• Prompt: Give again, word for word, every line in the entries below from the line with "先週の金曜日に6年生の理科「" up to and including the line with "6、下面,我们再用橙色的渐变", and no other line.

** Material provided follows **

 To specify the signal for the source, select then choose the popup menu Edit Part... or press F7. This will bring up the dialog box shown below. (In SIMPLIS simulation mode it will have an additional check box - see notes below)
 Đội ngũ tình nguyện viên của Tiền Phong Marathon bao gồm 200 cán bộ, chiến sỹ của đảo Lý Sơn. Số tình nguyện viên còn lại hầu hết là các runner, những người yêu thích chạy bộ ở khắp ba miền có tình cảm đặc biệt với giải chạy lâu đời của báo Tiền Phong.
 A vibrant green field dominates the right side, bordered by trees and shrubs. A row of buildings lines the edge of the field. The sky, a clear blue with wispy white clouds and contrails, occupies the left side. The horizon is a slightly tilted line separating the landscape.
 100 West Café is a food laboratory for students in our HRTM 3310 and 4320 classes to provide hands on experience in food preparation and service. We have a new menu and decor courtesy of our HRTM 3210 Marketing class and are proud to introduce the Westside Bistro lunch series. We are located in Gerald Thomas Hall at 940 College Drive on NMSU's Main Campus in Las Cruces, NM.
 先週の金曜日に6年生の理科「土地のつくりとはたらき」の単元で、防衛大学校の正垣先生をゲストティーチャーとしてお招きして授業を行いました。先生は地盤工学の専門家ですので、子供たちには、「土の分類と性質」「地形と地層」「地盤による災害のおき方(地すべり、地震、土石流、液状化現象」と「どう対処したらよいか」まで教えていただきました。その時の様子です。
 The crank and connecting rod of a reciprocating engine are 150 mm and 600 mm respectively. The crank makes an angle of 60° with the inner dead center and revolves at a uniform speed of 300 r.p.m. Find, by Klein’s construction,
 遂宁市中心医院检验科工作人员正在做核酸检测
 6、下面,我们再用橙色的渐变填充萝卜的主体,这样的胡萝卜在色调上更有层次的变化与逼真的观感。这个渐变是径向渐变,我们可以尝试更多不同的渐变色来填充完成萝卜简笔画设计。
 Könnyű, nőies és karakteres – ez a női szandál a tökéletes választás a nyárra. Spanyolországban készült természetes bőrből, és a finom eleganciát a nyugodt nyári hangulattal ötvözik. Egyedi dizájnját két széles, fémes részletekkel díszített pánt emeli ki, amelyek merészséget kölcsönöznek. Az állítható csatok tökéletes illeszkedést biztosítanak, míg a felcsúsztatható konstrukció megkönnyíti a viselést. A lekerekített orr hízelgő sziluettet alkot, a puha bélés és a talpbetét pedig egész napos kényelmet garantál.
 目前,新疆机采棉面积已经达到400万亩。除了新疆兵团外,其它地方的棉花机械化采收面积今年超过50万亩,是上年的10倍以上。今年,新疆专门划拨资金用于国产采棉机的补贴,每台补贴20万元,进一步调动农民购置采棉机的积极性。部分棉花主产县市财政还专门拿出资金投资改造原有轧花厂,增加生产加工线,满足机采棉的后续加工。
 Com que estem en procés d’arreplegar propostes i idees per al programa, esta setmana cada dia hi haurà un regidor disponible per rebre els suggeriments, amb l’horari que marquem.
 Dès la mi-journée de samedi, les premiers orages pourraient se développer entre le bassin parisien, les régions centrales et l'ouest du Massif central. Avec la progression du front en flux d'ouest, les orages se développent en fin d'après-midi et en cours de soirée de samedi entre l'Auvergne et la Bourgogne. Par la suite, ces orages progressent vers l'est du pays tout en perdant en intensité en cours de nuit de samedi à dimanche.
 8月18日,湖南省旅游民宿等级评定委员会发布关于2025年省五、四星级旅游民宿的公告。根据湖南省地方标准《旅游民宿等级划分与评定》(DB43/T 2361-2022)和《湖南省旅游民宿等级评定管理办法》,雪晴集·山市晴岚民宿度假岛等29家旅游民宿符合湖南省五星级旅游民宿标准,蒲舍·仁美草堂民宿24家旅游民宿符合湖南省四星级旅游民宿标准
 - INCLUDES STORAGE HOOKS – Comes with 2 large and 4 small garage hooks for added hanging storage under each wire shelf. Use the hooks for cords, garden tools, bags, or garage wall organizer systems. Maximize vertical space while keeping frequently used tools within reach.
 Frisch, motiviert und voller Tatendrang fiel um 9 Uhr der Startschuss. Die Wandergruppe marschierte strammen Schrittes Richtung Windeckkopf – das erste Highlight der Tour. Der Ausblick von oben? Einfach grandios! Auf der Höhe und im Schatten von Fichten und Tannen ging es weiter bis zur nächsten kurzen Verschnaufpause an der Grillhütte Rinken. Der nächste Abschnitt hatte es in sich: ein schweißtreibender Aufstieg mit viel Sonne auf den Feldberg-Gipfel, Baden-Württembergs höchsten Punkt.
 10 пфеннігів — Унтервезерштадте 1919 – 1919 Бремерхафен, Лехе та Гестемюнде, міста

** End of Material provided **

• Task output:
 先週の金曜日に6年生の理科「土地のつくりとはたらき」の単元で、防衛大学校の正垣先生をゲストティーチャーとしてお招きして授業を行いました。先生は地盤工学の専門家ですので、子供たちには、「土の分類と性質」「地形と地層」「地盤による災害のおき方(地すべり、地震、土石流、液状化現象」と「どう対処したらよいか」まで教えていただきました。その時の様子です。
 The crank and connecting rod of a reciprocating engine are 150 mm and 600 mm respectively. The crank makes an angle of 60° with the inner dead center and revolves at a uniform speed of 300 r.p.m. Find, by Klein’s construction,
 遂宁市中心医院检验科工作人员正在做核酸检测
 6、下面,我们再用橙色的渐变填充萝卜的主体,这样的胡萝卜在色调上更有层次的变化与逼真的观感。这个渐变是径向渐变,我们可以尝试更多不同的渐变色来填充完成萝卜简笔画设计。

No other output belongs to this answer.